O espelho de uma sociedade que venera ídolos e esquece pessoas.


A Glória e o Vazio

N um mundo que celebra fortunas e esquece causas, Cristiano Ronaldo é menos um homem do que um espelho, o reflexo polido de uma civilização que mede o valor em milhões e a virtude em seguidores. O seu império brilha, mas o brilho cega: hotéis de luxo, jatos privados, campanhas publicitárias. Uma máquina perfeita de rendimento e imagem. Mas, no fundo, resta uma questão que resiste à idolatria, o que significa “grandeza” num tempo em que a miséria dorme à porta dos palácios?

A desigualdade não nasce apenas da ausência de riqueza, mas da indiferença perante o sofrimento. Ronaldo, como tantos outros ícones globais, encarna o paradoxo do século XXI: a abundância que ignora a fome, a fama que vive divorciada da responsabilidade moral. O herói nacional converteu-se numa marca registada; o menino pobre da Madeira, num emblema da elite que um dia o ignorou.

Não se trata de negar o mérito, o talento ou o esforço, trata-se de interrogar o silêncio. Onde estão os abrigos, as escolas, os espaços de dignidade que a sua fortuna poderia erguer? A filantropia que se mede nas conferências e nos cheques é uma anestesia social: acalma a consciência, mas não cura a injustiça.

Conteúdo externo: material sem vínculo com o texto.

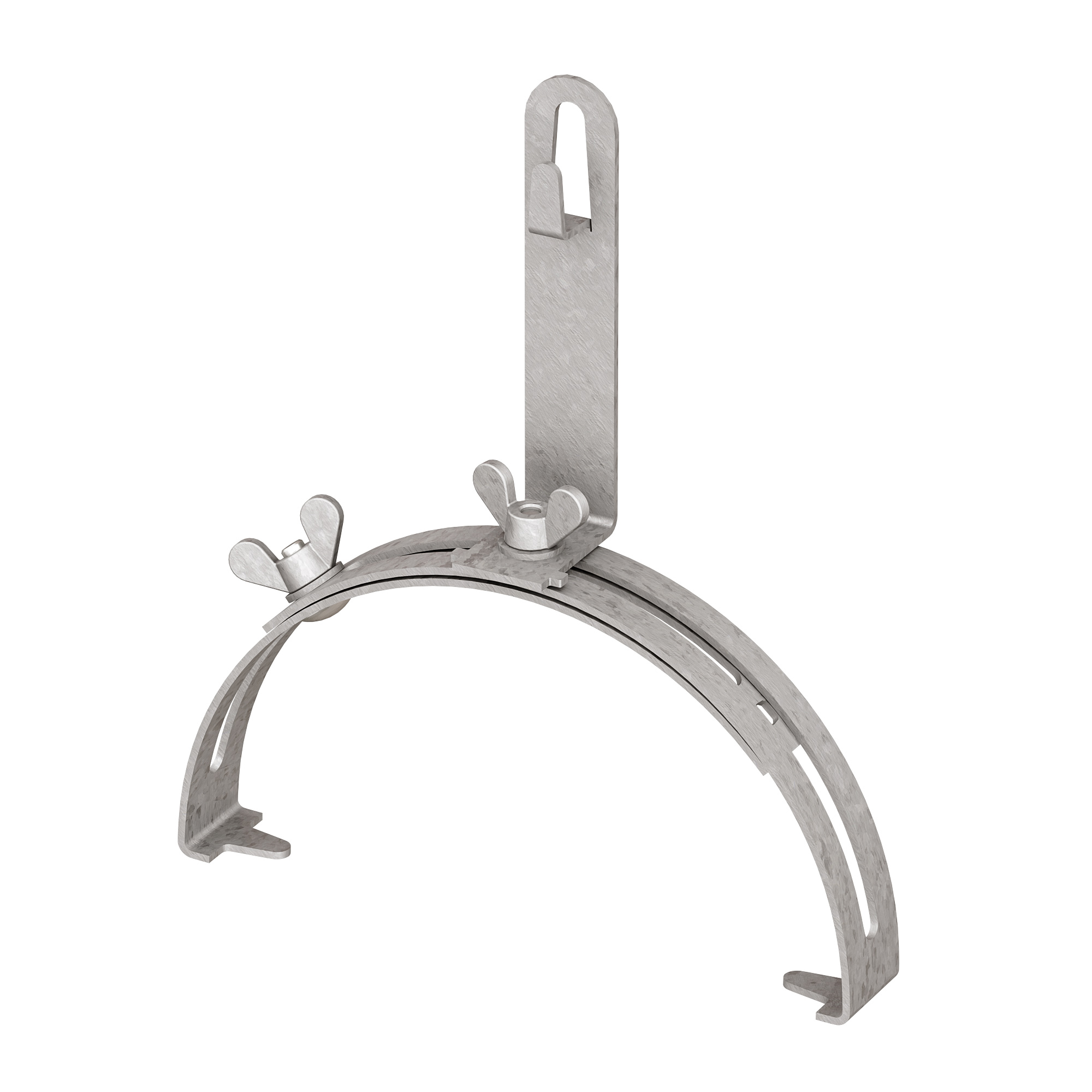 Регулируемый коньковый зажим применяется для фиксации молниеприемной сетки на круглом коньке кровли. Проводник крепится безвинтовым зажимом с применением плоскогубцев. Диапазон зажима-125-205 мм. Материал-горячеоцинкованная сталь.

O problema não é apenas Ronaldo, é o sistema que o venera. Um sistema que transforma os atletas em deuses e os cidadãos em espectadores. Que aplaude o sucesso mas tapa os olhos à exclusão. Que ensina que ajudar é opcional e que ser solidário é uma campanha de imagem.

Portugal, a Madeira, o mundo, todos temos parte nesta cegueira coletiva. É fácil exigir de um homem aquilo que recusamos exigir de nós próprios. Mas é legítimo exigir a quem tanto tem uma medida de exemplo. Porque o verdadeiro legado não está nas taças douradas nem nos contratos bilionários. Está na capacidade de usar o poder para corrigir o desequilíbrio que o poder criou.

Enquanto o ouro cintilar mais alto do que o grito dos pobres, continuaremos a confundir o sucesso com a virtude, e o silêncio dos ricos com a música da esperança.